▶ RECORDS SUPPLIED

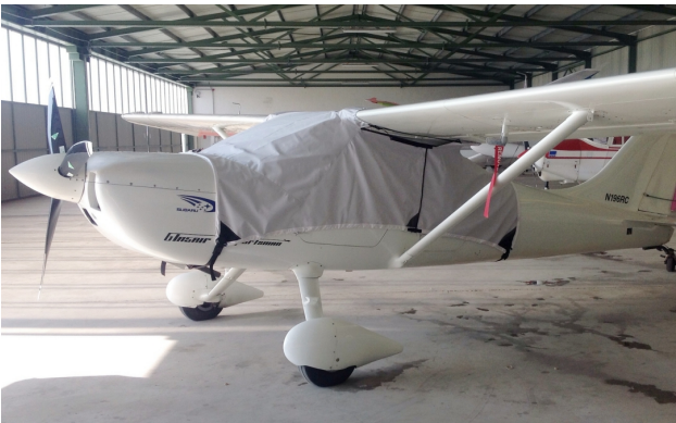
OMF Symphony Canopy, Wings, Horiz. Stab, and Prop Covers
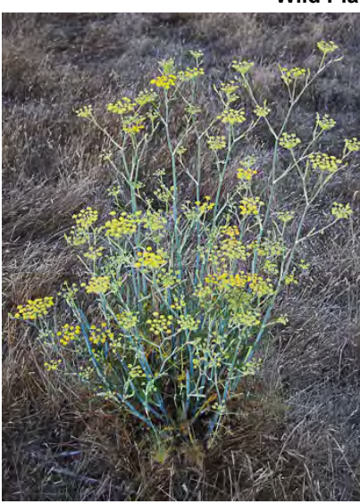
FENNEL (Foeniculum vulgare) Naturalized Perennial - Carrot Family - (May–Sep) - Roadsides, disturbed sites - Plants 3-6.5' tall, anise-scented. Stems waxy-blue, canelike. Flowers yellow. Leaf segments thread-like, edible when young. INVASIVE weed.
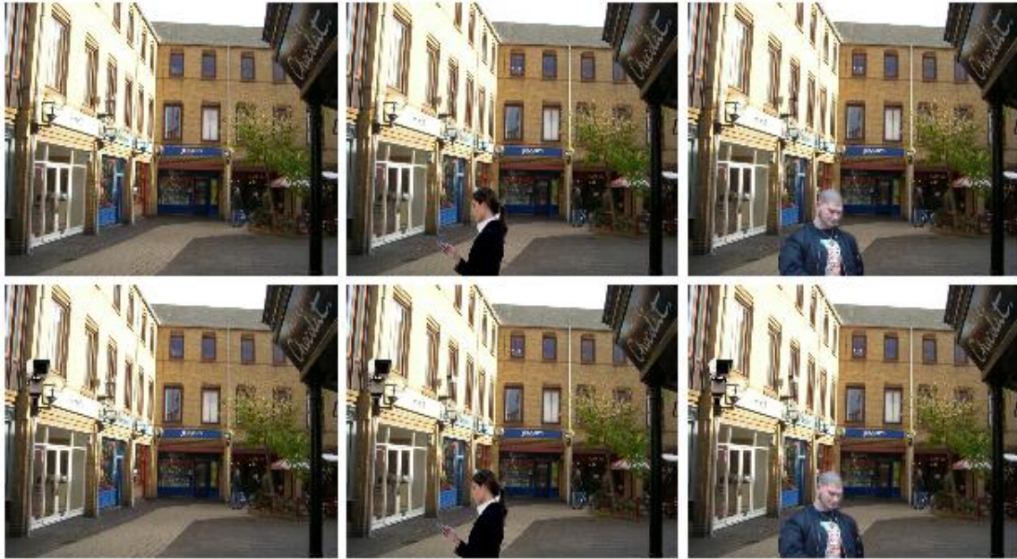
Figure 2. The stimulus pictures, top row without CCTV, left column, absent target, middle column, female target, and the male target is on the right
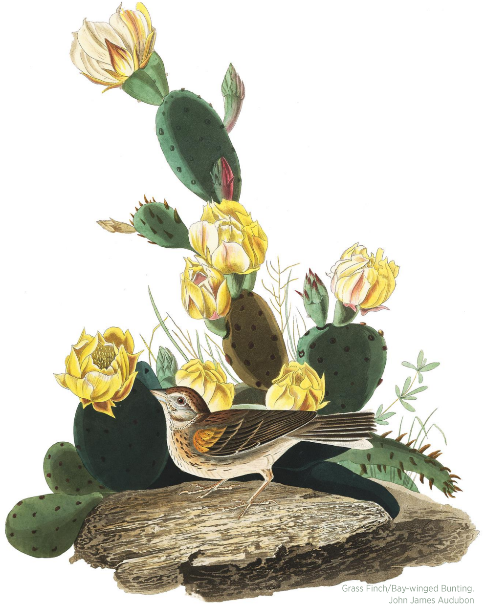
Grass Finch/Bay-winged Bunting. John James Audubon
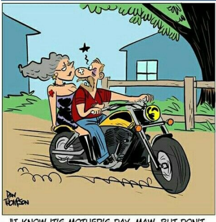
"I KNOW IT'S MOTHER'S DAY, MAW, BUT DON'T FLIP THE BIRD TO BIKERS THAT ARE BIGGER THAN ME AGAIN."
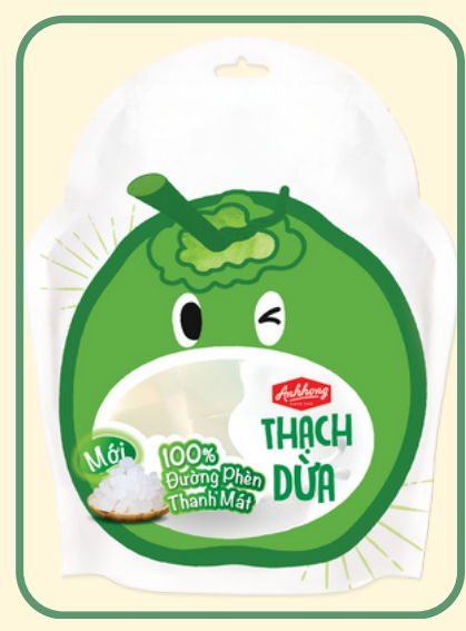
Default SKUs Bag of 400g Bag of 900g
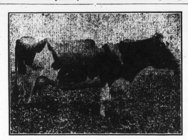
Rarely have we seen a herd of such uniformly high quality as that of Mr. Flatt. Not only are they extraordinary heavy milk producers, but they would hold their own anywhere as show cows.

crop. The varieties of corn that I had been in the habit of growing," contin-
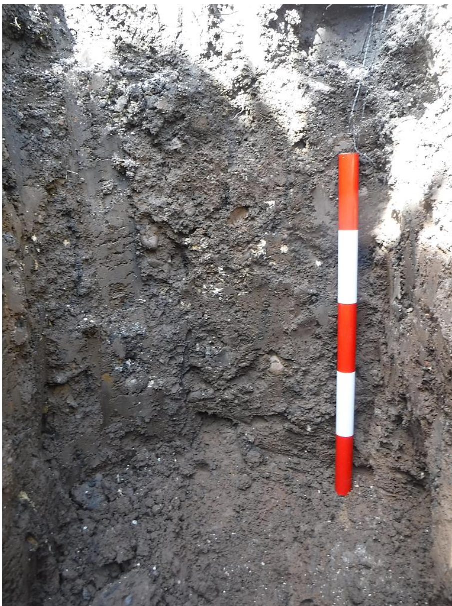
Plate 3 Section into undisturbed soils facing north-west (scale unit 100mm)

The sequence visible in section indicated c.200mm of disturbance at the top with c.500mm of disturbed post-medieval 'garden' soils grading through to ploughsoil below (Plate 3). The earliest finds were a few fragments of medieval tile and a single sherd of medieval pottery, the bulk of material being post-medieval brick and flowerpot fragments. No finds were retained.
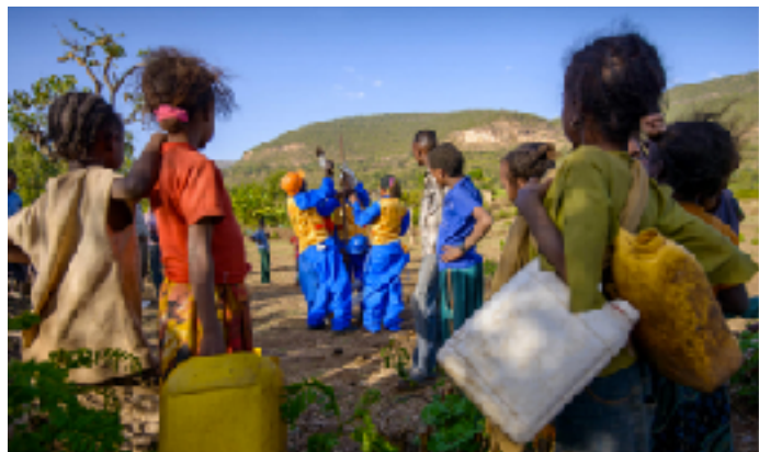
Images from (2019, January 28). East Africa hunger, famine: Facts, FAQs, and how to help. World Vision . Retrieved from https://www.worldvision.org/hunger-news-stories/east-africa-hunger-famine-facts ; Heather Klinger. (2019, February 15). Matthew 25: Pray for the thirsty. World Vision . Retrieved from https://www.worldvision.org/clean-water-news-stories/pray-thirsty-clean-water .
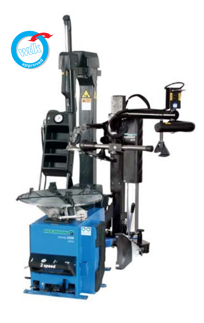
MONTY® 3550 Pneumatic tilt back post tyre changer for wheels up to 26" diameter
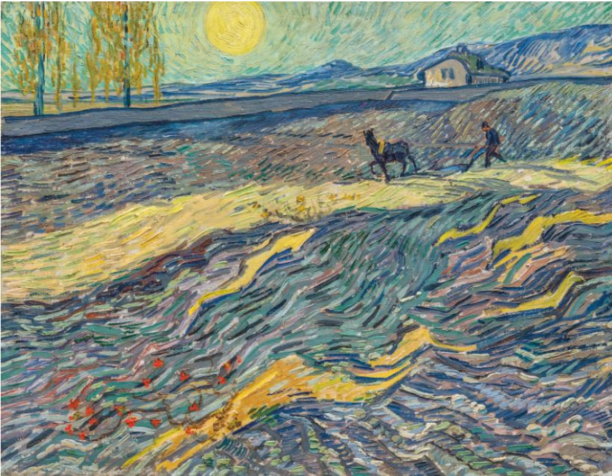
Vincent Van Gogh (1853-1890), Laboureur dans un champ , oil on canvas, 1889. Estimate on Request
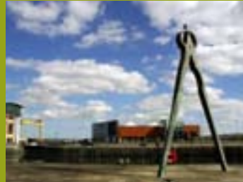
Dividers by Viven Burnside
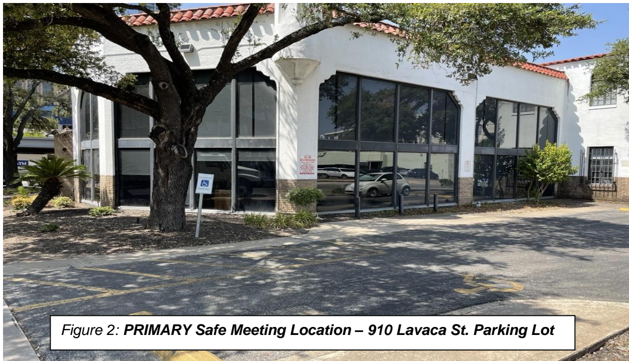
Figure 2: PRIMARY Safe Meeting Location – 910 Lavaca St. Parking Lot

▶ WHAT YOU HAVE TO DO
Everything in the listing, except its images, should be set down exactly.

▶ RESPONSE TO THIS EXERCISE
OMF Symphony Canopy, Wings, Horiz. Stab, and Prop Covers
FENNEL (Foeniculum vulgare) Naturalized Perennial - Carrot Family - (May–Sep) - Roadsides, disturbed sites - Plants 3-6.5' tall, anise-scented. Stems waxy-blue, canelike. Flowers yellow. Leaf segments thread-like, edible when young. INVASIVE weed.
Figure 2. The stimulus pictures, top row without CCTV, left column, absent target, middle column, female target, and the male target is on the right
Grass Finch/Bay-winged Bunting. John James Audubon
"I KNOW IT'S MOTHER'S DAY, MAW, BUT DON'T FLIP THE BIRD TO BIKERS THAT ARE BIGGER THAN ME AGAIN."
Default SKUs Bag of 400g Bag of 900g
Rarely have we seen a herd of such uniformly high quality as that of Mr. Flatt. Not only are they extraordinary heavy milk producers, but they would hold their own anywhere as show cows.

crop. The varieties of corn that I had been in the habit of growing," contin-
Plate 3 Section into undisturbed soils facing north-west (scale unit 100mm)

The sequence visible in section indicated c.200mm of disturbance at the top with c.500mm of disturbed post-medieval 'garden' soils grading through to ploughsoil below (Plate 3). The earliest finds were a few fragments of medieval tile and a single sherd of medieval pottery, the bulk of material being post-medieval brick and flowerpot fragments. No finds were retained.
Images from (2019, January 28). East Africa hunger, famine: Facts, FAQs, and how to help. World Vision . Retrieved from https://www.worldvision.org/hunger-news-stories/east-africa-hunger-famine-facts ; Heather Klinger. (2019, February 15). Matthew 25: Pray for the thirsty. World Vision . Retrieved from https://www.worldvision.org/clean-water-news-stories/pray-thirsty-clean-water .
MONTY® 3550 Pneumatic tilt back post tyre changer for wheels up to 26" diameter
Vincent Van Gogh (1853-1890), Laboureur dans un champ , oil on canvas, 1889. Estimate on Request
Dividers by Viven Burnside
Figure 2: PRIMARY Safe Meeting Location – 910 Lavaca St. Parking Lot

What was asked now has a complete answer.